## ABOUT THIS EXERCISE
Among the lines below, output only those between the line holding "油菜植物體內(nèi)的中間" and the line holding "红墙下的人与雪更日子,iQO", inclusive, exactly as written and with no pictures.

## DATA FOR ANALYSIS
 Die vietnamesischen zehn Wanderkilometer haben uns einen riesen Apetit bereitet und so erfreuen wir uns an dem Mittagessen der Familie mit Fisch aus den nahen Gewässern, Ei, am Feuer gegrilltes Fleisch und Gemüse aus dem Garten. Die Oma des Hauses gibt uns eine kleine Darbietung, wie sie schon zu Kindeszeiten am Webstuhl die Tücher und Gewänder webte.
---
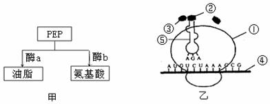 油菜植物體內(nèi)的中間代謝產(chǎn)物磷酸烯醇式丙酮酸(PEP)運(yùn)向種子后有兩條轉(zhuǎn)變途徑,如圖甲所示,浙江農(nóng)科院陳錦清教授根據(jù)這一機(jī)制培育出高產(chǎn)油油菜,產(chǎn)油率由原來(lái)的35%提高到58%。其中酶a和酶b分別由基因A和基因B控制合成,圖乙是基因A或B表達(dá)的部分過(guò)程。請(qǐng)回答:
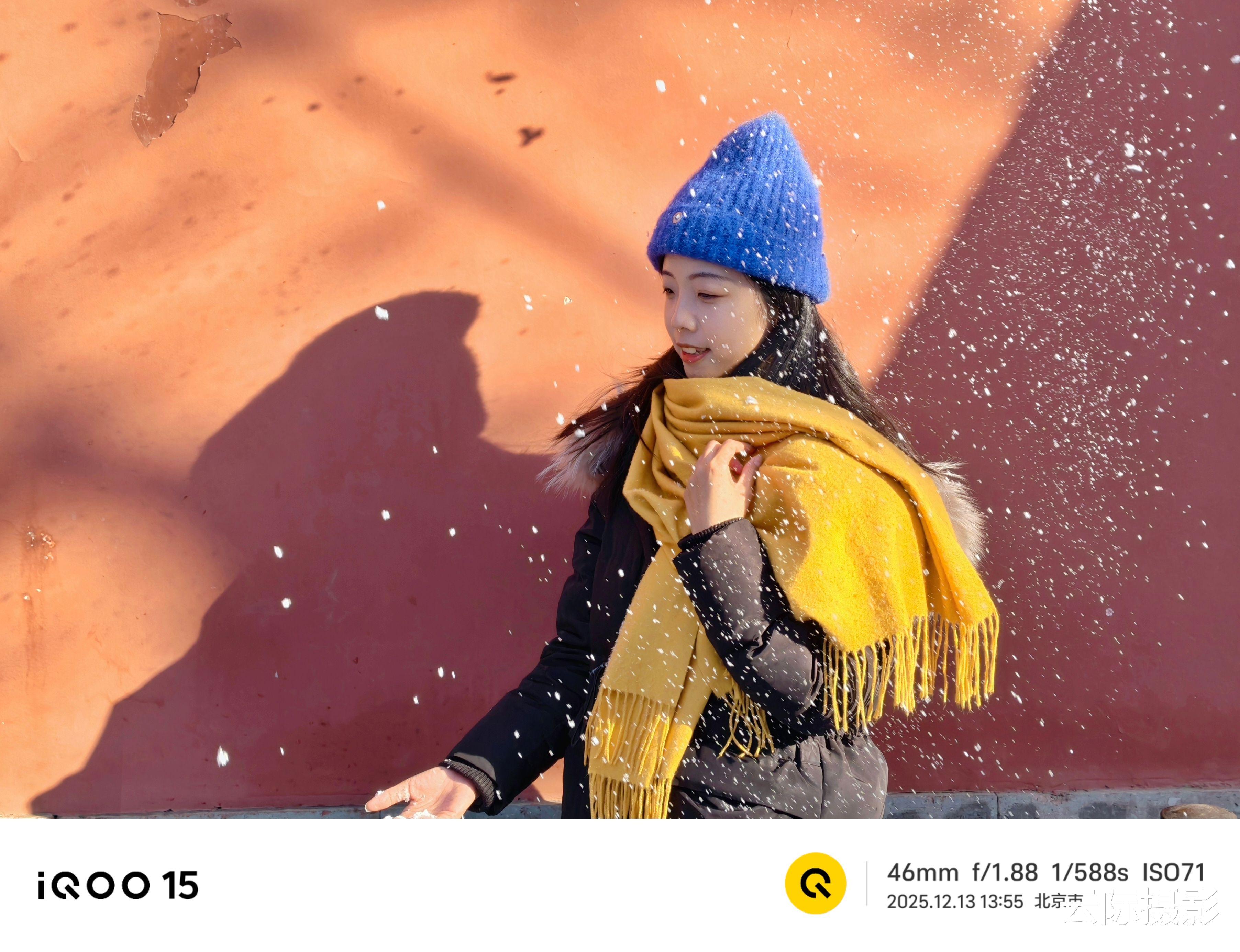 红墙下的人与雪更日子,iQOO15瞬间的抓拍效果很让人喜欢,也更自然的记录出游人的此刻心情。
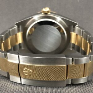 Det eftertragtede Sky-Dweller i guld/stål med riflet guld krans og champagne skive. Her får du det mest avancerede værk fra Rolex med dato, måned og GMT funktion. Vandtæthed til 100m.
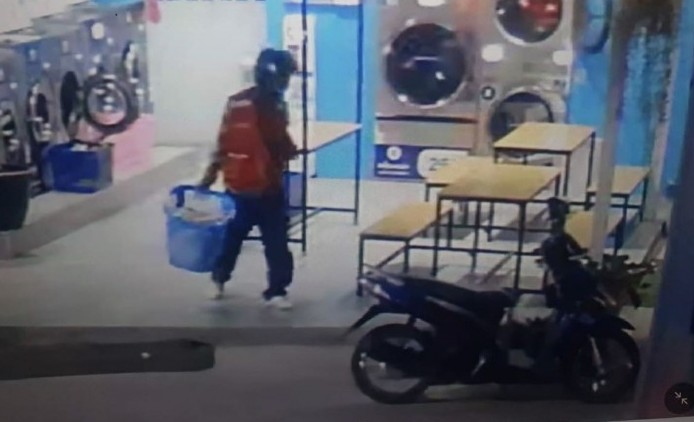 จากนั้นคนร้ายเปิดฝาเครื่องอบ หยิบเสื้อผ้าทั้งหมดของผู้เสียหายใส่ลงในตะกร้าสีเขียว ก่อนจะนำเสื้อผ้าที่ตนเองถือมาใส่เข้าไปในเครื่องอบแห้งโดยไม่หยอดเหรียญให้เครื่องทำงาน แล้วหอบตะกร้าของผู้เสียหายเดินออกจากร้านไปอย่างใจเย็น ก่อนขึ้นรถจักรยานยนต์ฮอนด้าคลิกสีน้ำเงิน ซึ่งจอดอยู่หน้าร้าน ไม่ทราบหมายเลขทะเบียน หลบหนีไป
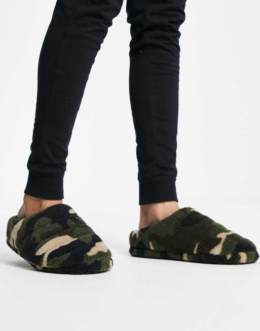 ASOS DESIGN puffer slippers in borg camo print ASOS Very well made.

## COMPLETED TASK
 油菜植物體內(nèi)的中間代謝產(chǎn)物磷酸烯醇式丙酮酸(PEP)運(yùn)向種子后有兩條轉(zhuǎn)變途徑,如圖甲所示,浙江農(nóng)科院陳錦清教授根據(jù)這一機(jī)制培育出高產(chǎn)油油菜,產(chǎn)油率由原來(lái)的35%提高到58%。其中酶a和酶b分別由基因A和基因B控制合成,圖乙是基因A或B表達(dá)的部分過(guò)程。請(qǐng)回答:
 红墙下的人与雪更日子,iQOO15瞬间的抓拍效果很让人喜欢,也更自然的记录出游人的此刻心情。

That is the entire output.